** Opening Stored data block **

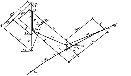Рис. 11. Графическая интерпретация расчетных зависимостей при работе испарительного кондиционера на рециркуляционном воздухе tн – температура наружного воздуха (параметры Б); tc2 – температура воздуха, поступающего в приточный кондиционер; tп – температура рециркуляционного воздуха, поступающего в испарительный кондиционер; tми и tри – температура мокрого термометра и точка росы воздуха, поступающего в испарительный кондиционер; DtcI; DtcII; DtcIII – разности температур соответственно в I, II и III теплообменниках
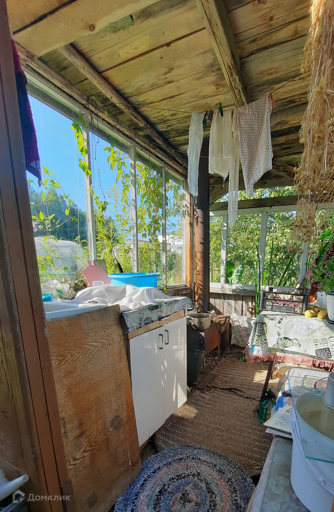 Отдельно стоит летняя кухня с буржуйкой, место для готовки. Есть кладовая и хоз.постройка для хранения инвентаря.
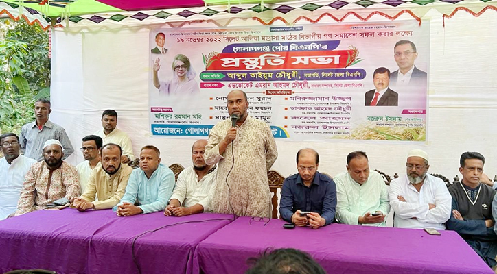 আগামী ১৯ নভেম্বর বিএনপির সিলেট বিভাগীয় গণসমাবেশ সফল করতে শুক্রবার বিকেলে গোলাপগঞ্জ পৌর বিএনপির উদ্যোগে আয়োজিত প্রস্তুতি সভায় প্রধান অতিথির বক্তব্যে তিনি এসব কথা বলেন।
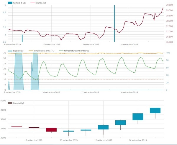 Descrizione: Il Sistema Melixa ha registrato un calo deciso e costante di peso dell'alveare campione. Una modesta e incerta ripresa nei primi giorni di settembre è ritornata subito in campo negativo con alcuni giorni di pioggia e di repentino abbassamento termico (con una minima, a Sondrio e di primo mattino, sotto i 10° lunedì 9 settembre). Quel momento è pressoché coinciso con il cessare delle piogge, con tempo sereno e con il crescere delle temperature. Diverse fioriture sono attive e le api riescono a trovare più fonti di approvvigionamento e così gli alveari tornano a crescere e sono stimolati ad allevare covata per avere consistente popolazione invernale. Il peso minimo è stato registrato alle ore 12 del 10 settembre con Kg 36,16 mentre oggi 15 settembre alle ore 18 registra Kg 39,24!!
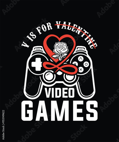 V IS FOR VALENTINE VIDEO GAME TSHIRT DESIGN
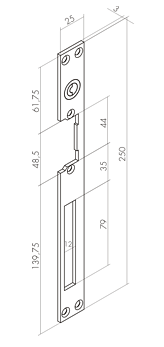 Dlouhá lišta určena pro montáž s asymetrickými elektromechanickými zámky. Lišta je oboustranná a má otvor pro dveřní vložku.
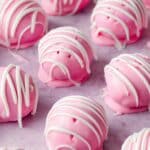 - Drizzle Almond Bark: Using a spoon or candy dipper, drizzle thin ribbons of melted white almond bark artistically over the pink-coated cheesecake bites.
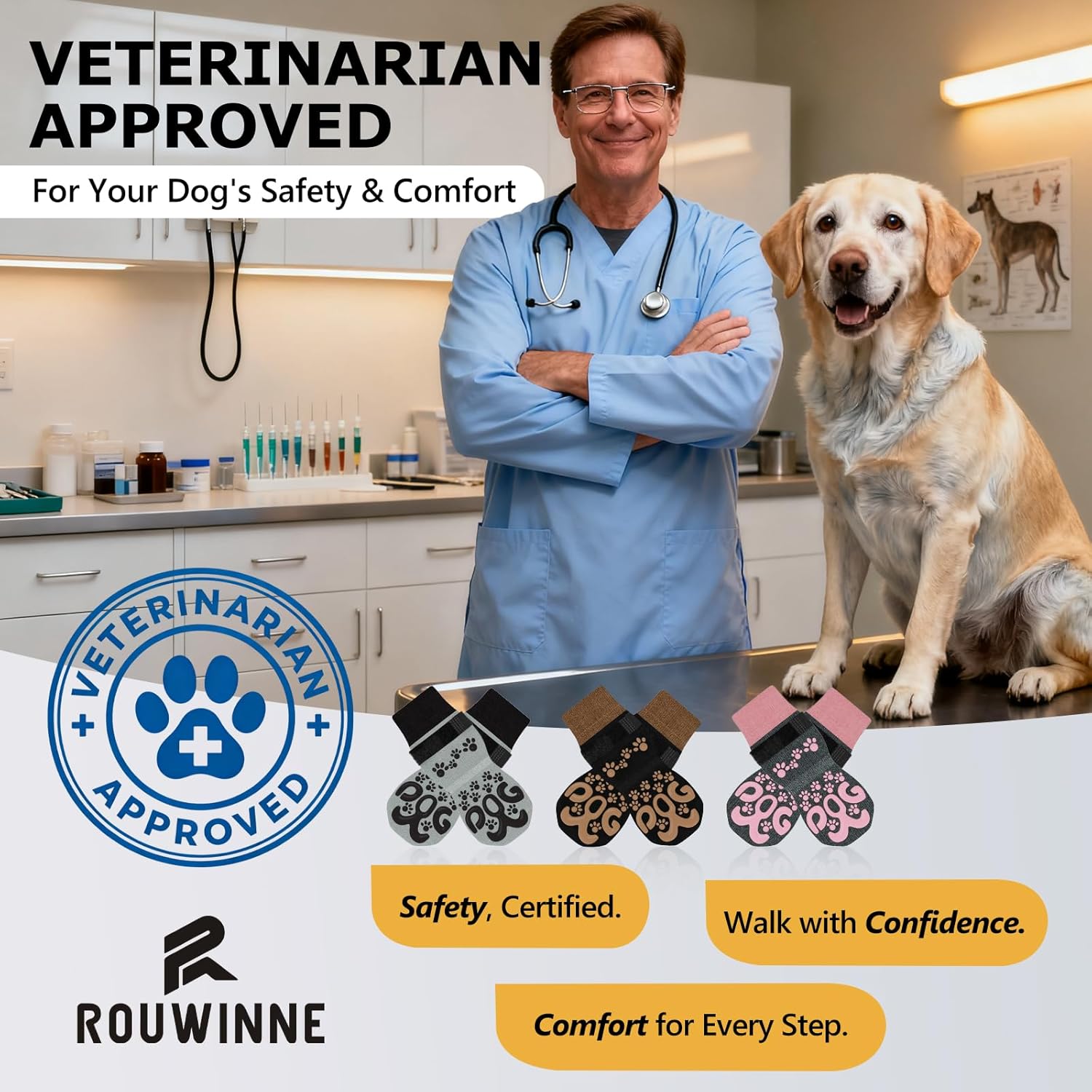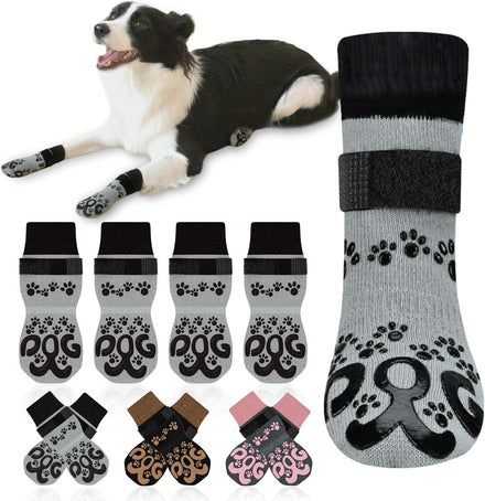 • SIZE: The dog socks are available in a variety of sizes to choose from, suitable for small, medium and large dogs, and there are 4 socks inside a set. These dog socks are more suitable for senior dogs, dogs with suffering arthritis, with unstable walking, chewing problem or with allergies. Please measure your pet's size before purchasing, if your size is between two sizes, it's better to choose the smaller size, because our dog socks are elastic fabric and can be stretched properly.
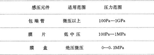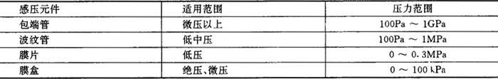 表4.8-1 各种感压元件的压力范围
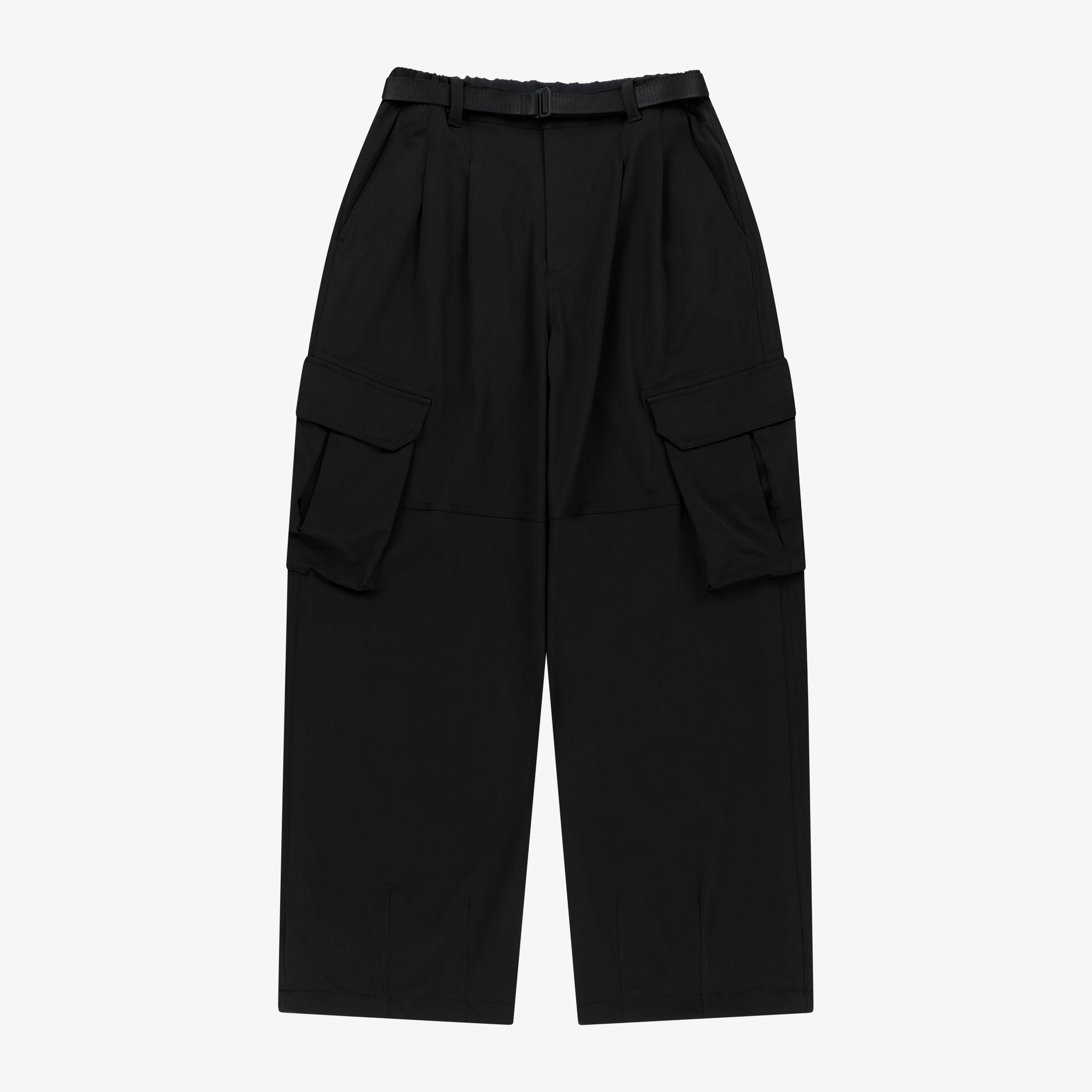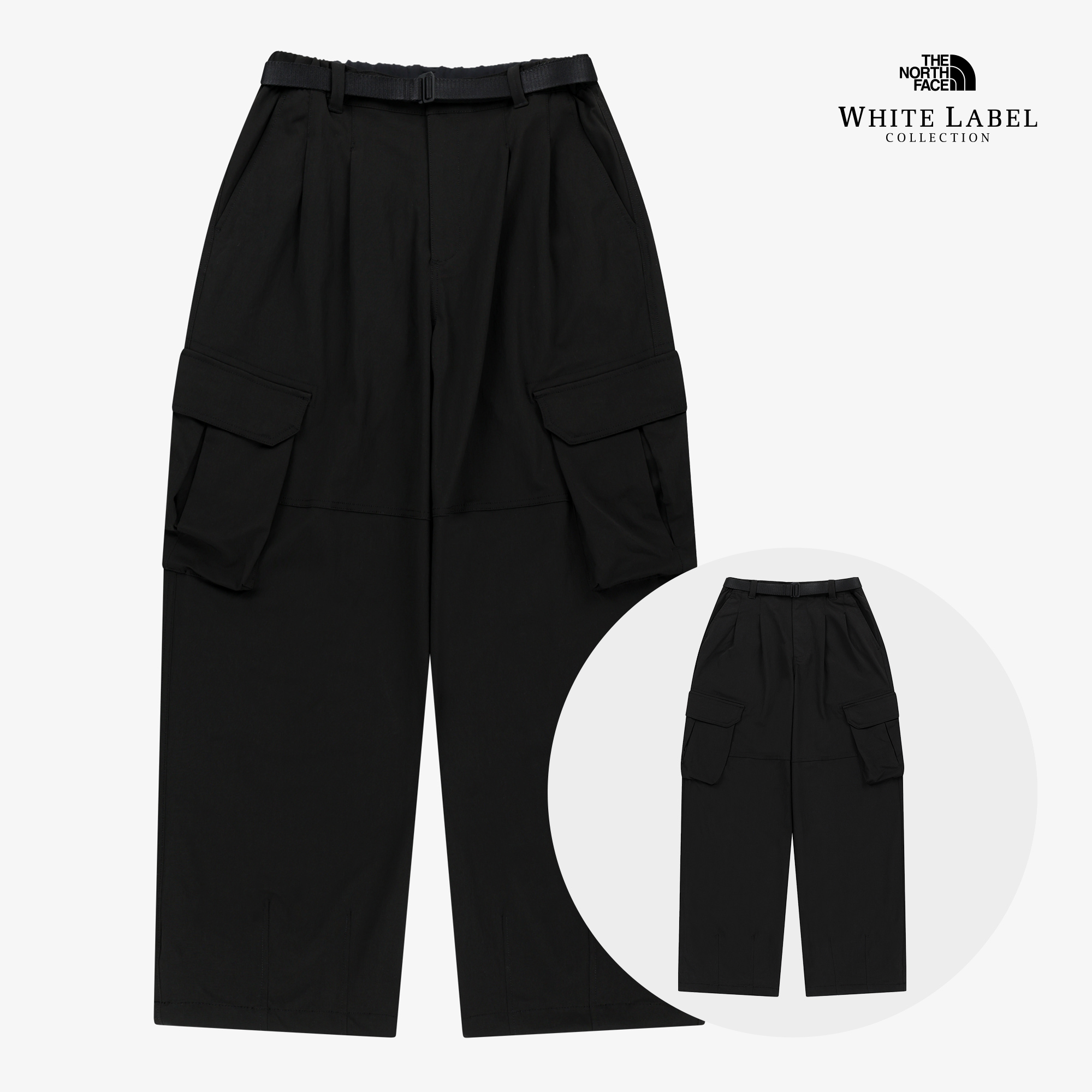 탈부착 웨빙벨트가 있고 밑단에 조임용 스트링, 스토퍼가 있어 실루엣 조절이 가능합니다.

** Closing Stored data block **

* _Task to carry out_:
Please repeat all of the data exactly, excluding images.

* _Solution below_:
Рис. 11. Графическая интерпретация расчетных зависимостей при работе испарительного кондиционера на рециркуляционном воздухе tн – температура наружного воздуха (параметры Б); tc2 – температура воздуха, поступающего в приточный кондиционер; tп – температура рециркуляционного воздуха, поступающего в испарительный кондиционер; tми и tри – температура мокрого термометра и точка росы воздуха, поступающего в испарительный кондиционер; DtcI; DtcII; DtcIII – разности температур соответственно в I, II и III теплообменниках
 Отдельно стоит летняя кухня с буржуйкой, место для готовки. Есть кладовая и хоз.постройка для хранения инвентаря.
 আগামী ১৯ নভেম্বর বিএনপির সিলেট বিভাগীয় গণসমাবেশ সফল করতে শুক্রবার বিকেলে গোলাপগঞ্জ পৌর বিএনপির উদ্যোগে আয়োজিত প্রস্তুতি সভায় প্রধান অতিথির বক্তব্যে তিনি এসব কথা বলেন।
 Descrizione: Il Sistema Melixa ha registrato un calo deciso e costante di peso dell'alveare campione. Una modesta e incerta ripresa nei primi giorni di settembre è ritornata subito in campo negativo con alcuni giorni di pioggia e di repentino abbassamento termico (con una minima, a Sondrio e di primo mattino, sotto i 10° lunedì 9 settembre). Quel momento è pressoché coinciso con il cessare delle piogge, con tempo sereno e con il crescere delle temperature. Diverse fioriture sono attive e le api riescono a trovare più fonti di approvvigionamento e così gli alveari tornano a crescere e sono stimolati ad allevare covata per avere consistente popolazione invernale. Il peso minimo è stato registrato alle ore 12 del 10 settembre con Kg 36,16 mentre oggi 15 settembre alle ore 18 registra Kg 39,24!!
 V IS FOR VALENTINE VIDEO GAME TSHIRT DESIGN
 Dlouhá lišta určena pro montáž s asymetrickými elektromechanickými zámky. Lišta je oboustranná a má otvor pro dveřní vložku.
 - Drizzle Almond Bark: Using a spoon or candy dipper, drizzle thin ribbons of melted white almond bark artistically over the pink-coated cheesecake bites.
 • SIZE: The dog socks are available in a variety of sizes to choose from, suitable for small, medium and large dogs, and there are 4 socks inside a set. These dog socks are more suitable for senior dogs, dogs with suffering arthritis, with unstable walking, chewing problem or with allergies. Please measure your pet's size before purchasing, if your size is between two sizes, it's better to choose the smaller size, because our dog socks are elastic fabric and can be stretched properly.
 表4.8-1 各种感压元件的压力范围
 탈부착 웨빙벨트가 있고 밑단에 조임용 스트링, 스토퍼가 있어 실루엣 조절이 가능합니다.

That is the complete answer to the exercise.